Restate word for word only the lines from the one with "In addition to" through the end of the records; no pictures belong in the copy.

[Extracted material]
• • • • • • •

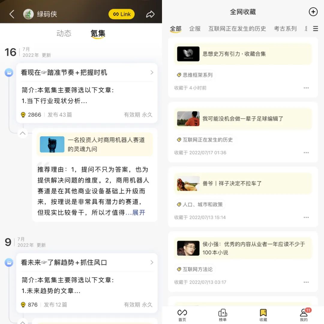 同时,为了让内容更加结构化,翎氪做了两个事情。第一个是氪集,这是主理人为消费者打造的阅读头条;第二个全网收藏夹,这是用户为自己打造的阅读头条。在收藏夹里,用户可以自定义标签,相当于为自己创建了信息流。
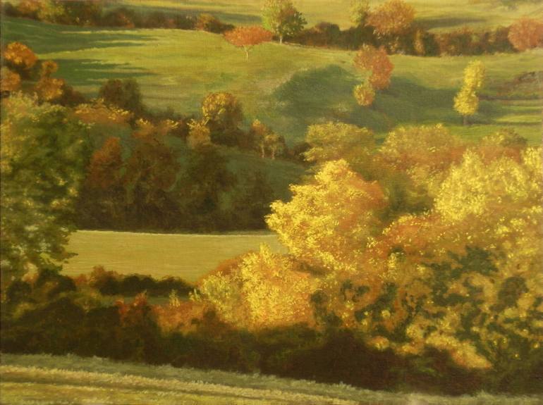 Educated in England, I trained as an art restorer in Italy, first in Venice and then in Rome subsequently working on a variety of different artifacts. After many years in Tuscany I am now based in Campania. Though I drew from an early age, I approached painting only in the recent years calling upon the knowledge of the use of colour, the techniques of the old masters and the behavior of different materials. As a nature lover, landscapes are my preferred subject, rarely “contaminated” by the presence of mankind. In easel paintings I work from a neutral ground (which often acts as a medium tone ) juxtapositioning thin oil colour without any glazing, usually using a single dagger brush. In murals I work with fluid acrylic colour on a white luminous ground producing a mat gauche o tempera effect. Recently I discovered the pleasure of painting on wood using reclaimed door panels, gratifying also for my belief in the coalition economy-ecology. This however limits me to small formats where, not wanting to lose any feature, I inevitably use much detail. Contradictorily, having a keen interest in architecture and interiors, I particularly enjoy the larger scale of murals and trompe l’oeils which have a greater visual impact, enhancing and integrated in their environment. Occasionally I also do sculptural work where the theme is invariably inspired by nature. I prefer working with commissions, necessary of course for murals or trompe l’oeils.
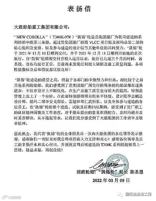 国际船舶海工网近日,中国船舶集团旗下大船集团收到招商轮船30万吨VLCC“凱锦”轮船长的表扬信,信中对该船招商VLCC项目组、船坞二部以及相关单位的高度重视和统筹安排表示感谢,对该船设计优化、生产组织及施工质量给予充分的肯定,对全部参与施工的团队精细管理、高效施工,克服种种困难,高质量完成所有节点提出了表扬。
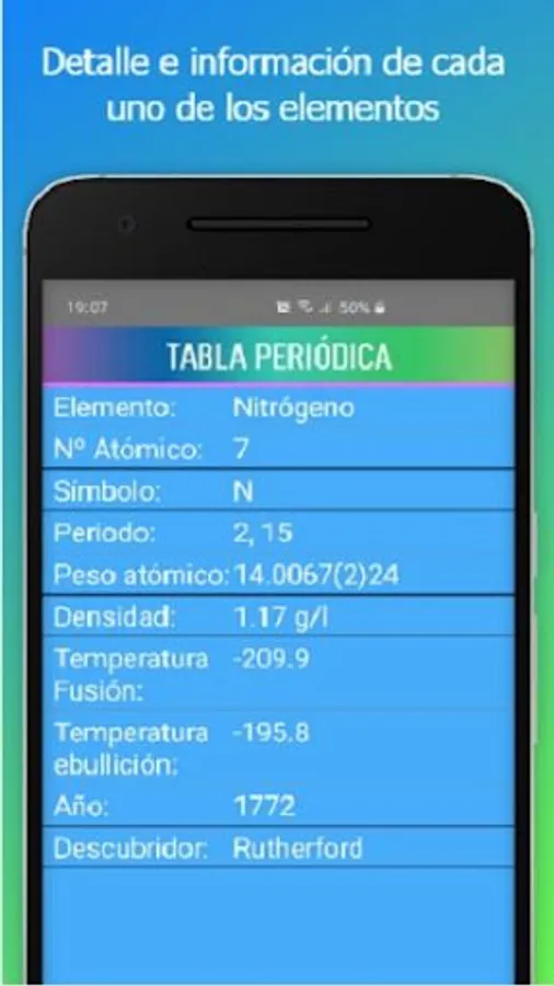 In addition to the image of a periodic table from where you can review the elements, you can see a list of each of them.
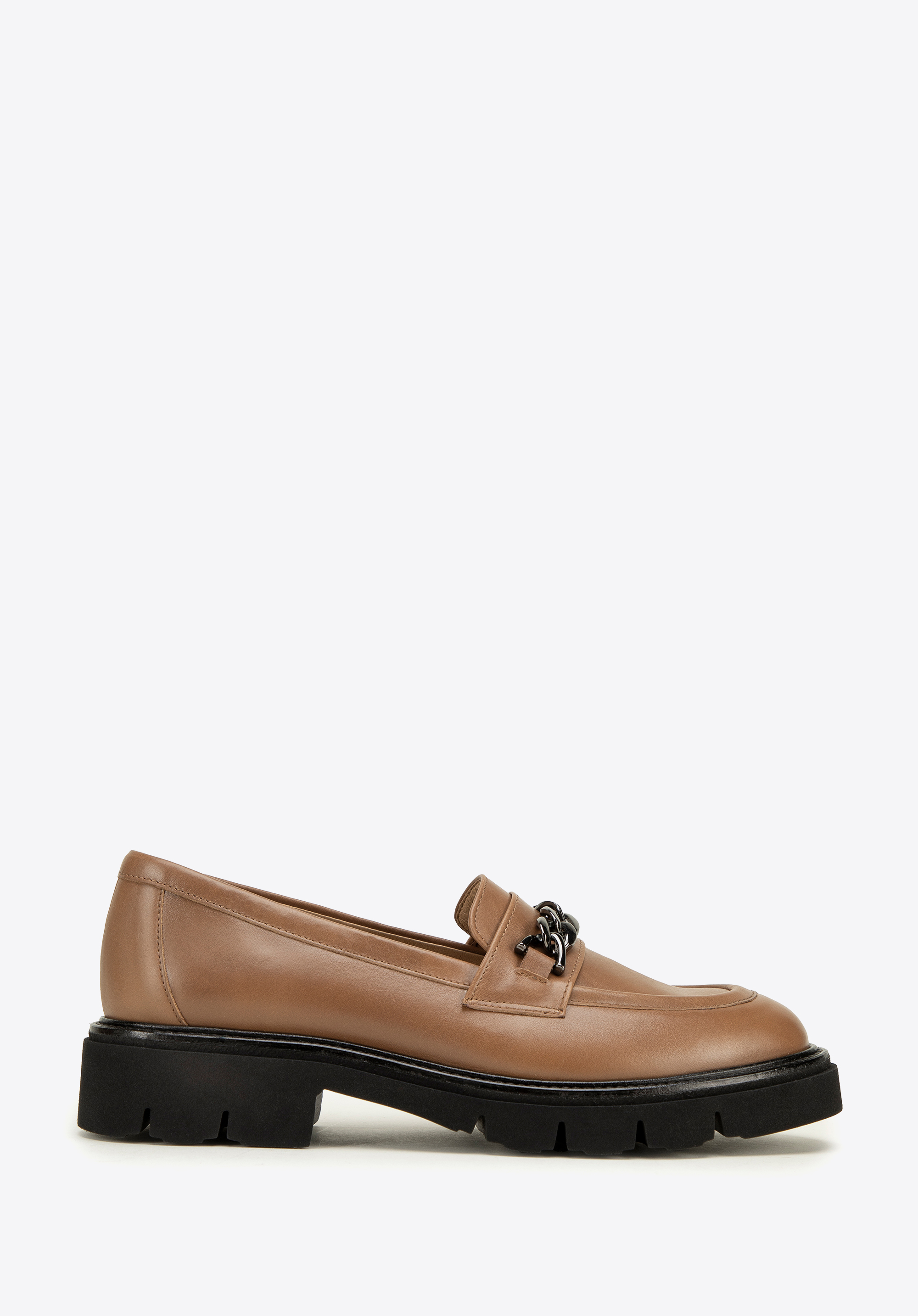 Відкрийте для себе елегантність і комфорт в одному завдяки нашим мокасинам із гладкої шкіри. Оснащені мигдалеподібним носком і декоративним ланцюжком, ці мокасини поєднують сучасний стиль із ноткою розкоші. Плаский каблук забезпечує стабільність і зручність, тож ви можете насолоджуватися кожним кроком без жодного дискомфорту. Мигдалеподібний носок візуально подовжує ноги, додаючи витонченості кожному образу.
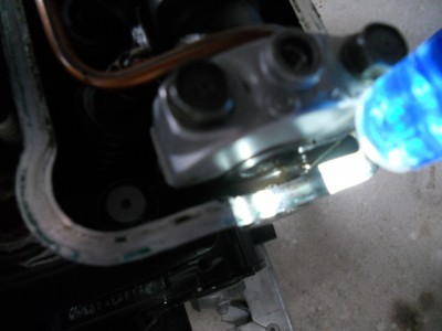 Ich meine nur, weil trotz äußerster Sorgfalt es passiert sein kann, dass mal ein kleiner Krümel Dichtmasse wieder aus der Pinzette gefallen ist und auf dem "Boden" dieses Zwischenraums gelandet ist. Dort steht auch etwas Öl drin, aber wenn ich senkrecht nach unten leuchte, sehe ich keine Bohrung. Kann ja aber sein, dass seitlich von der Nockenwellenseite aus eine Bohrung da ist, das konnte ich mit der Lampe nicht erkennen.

• • • • • • •

[Task solution]
 In addition to the image of a periodic table from where you can review the elements, you can see a list of each of them.
 Відкрийте для себе елегантність і комфорт в одному завдяки нашим мокасинам із гладкої шкіри. Оснащені мигдалеподібним носком і декоративним ланцюжком, ці мокасини поєднують сучасний стиль із ноткою розкоші. Плаский каблук забезпечує стабільність і зручність, тож ви можете насолоджуватися кожним кроком без жодного дискомфорту. Мигдалеподібний носок візуально подовжує ноги, додаючи витонченості кожному образу.
 Ich meine nur, weil trotz äußerster Sorgfalt es passiert sein kann, dass mal ein kleiner Krümel Dichtmasse wieder aus der Pinzette gefallen ist und auf dem "Boden" dieses Zwischenraums gelandet ist. Dort steht auch etwas Öl drin, aber wenn ich senkrecht nach unten leuchte, sehe ich keine Bohrung. Kann ja aber sein, dass seitlich von der Nockenwellenseite aus eine Bohrung da ist, das konnte ich mit der Lampe nicht erkennen.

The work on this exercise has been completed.